The valid/allocated entries in each directory.

An allocated directory entry can be recognized by a non-zero inode number.  Any directory entry that has a zero inode number should be assumed to be empty and not included in the output.

The term parent inode number, below, refers to the inode number of the directory that contains all of the entries that are being listed.

The term entry number, below, is a number that starts at 0 for the first directory entry, and is incremented for each entry that is encountered (whether allocated or not).  If the first ten entries are allocated, the next is free, and the last is allocated, the output should describe entries: 0-9, and 11, with no output for entry 10.

fields(6)

format

parent inode number

dec

entry number

dec

entry length

dec

name length

dec

inode number of the file entry

dec

name

string[2]

Sample output (first three directories)

2,0,12,1,2,”.”

2,1,1012,2,2,”..”

2,2,20,10,11,”lost+found”

Sanity checking

If a group descriptor fails any of these tests, log an error.  If either the name or entry length is unreasonable, stop interpreting this directory:

Sample error message (to stderr):

Inode 204, block 3c05 - bad dirent: Inode = 107538

Inode 204, block 3c05 - bad dirent: len = 3040, namelen = 5240

  1. indirect block entry

These are all the non-zero block pointers in an indirect block. The blocks that contain indirect block pointers are included.

fields(3)

format

block number of the containing block

hex

entry number within that block

dec

block pointer value

hex

Sample output (first three entries)

1e10f,0,1e110

1e10f,1,1e111

1e10f,2,1e112

Sanity checking

It is important to validate all block numbers in indirect blocks for the same reason we had to validate block numbers in inodes: because we will follow those pointers to further interpret the file system.

Sample error message to stderr:

Indirect block 3c4 - invalid entry[103] = 304c8df

If any block number is out of range log an error message.  If a out-of-range block is an indirect block, do not attempt to dump its contents.

Output Files

For each different kind of entry, output its summary in a separate file. The names of your files should be:

In these csv files, each line represents one entry, and should be ended with a single new-line character ( ‘\n’, 0x0a).  The field orders in those csv files should be the same as listed above, and your program should use and only use a comma to separate each field.

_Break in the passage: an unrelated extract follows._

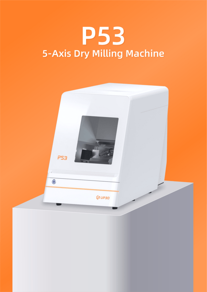 A 5-axis milling machine developed by UP3D, has intelligent features such as automatic calibration, monitoring of burs life, and automatic renewal, the P53 digitizes & scales up traditional processing methods.

For your convenience, here are the exact six csv files generated by our solution: super.csv, group.csv, bitmap.csv,inode.csv, directory.csv, and indirect.csv.

SUBMISSION:

Please carefully check the Rubric section (especially the Code review subsection) and all (latest) footnotes before submitting your code.

Your tarball should have a name of the form lab3a-studentID.tar.gz and should be submitted via CCLE.

We will test your work on a SEASnet GNU/Linux server running RHEL 7 (this is on lnxsrv09). You would be well advised to test your submission on that platform before submitting it.

RUBRIC:

Value        Feature

        Packaging and build (10%)

3%        untars expected contents

3%        clean build w/default action (no warnings)

2%        Makefile has clean and dist targets

2%        reasonableness of README contents

        Code review (15%)

You can check header files like ext2_fs.h to have an idea about the variable types. HOWEVER, you shall write up your own code for the calculations like block/inode (number), indirect block pointer, various different kinds of offset, and so on. So in sum, do all the calculations with your own code, do not use macros/functions provided in header files like ext2fs.h.

5%        overall readability and reasonableness, correct program name and csv filenames

10%        image file investigation correct (use pread() and write your own code for calculations)

        

        Results (75%)

⅔ points shall go to outputting the required fields correctly, and ⅓ points go to correct lines (penalty will be given for extra/missing lines).

10%        super.csv

10%        group.csv

10%        bitmap.csv

15%        inode.csv

15%        directory.csv

15%        indirect.csv


[1] We only recognize a (small) subset of the file types: ‘f’ for regular file, ‘d’ for directory, and ‘s’ for symbolic links. For other types, use ‘?’.

[2] Double-quoted.  Don’t worry about how to print out non-graphical characters or embedded quotes.